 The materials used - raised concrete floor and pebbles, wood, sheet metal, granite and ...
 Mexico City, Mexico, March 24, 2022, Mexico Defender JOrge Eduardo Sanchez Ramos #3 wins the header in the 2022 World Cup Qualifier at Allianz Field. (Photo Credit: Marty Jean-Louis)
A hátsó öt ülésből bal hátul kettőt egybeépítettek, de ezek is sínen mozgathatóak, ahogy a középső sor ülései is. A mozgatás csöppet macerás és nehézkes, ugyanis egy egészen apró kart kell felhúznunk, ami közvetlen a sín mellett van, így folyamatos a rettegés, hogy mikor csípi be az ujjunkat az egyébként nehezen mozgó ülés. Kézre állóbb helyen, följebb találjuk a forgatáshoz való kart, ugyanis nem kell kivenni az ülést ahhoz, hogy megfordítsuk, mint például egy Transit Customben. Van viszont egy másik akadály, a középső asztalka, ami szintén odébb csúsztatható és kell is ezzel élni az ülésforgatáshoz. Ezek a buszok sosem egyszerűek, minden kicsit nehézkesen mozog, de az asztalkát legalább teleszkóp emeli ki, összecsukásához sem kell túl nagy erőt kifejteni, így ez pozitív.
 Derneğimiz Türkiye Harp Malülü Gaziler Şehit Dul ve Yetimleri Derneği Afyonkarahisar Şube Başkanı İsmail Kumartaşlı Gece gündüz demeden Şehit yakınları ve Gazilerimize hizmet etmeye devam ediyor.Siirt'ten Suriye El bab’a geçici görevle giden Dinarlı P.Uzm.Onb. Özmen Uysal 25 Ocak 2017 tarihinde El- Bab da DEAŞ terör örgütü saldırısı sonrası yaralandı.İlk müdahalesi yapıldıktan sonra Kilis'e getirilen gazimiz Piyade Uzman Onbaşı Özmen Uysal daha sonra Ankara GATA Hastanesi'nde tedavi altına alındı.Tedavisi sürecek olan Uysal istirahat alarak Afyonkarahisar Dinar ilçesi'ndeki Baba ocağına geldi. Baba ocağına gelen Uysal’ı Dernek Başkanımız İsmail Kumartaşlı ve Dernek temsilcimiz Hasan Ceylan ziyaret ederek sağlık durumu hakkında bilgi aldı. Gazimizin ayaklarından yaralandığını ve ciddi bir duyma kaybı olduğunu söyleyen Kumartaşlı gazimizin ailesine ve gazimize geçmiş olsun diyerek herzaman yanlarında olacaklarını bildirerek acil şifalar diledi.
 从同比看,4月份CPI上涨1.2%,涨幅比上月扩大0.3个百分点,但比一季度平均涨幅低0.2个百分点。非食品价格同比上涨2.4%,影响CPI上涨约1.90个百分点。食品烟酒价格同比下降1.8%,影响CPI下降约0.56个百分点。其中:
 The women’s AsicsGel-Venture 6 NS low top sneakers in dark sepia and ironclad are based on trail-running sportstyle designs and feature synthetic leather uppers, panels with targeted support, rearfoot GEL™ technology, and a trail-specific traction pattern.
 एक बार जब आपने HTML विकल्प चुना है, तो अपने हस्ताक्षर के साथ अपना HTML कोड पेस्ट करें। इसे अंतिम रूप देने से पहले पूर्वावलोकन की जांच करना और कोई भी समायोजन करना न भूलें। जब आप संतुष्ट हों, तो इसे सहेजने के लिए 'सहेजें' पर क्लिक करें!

• • • • • • •

» **Required action**
Look above for the line containing "从同比看,4月份CPI上涨1", then please write out that line and each one after it through the end, exactly, with nothing else.

» **Answer box**
 从同比看,4月份CPI上涨1.2%,涨幅比上月扩大0.3个百分点,但比一季度平均涨幅低0.2个百分点。非食品价格同比上涨2.4%,影响CPI上涨约1.90个百分点。食品烟酒价格同比下降1.8%,影响CPI下降约0.56个百分点。其中:
 The women’s AsicsGel-Venture 6 NS low top sneakers in dark sepia and ironclad are based on trail-running sportstyle designs and feature synthetic leather uppers, panels with targeted support, rearfoot GEL™ technology, and a trail-specific traction pattern.
 एक बार जब आपने HTML विकल्प चुना है, तो अपने हस्ताक्षर के साथ अपना HTML कोड पेस्ट करें। इसे अंतिम रूप देने से पहले पूर्वावलोकन की जांच करना और कोई भी समायोजन करना न भूलें। जब आप संतुष्ट हों, तो इसे सहेजने के लिए 'सहेजें' पर क्लिक करें!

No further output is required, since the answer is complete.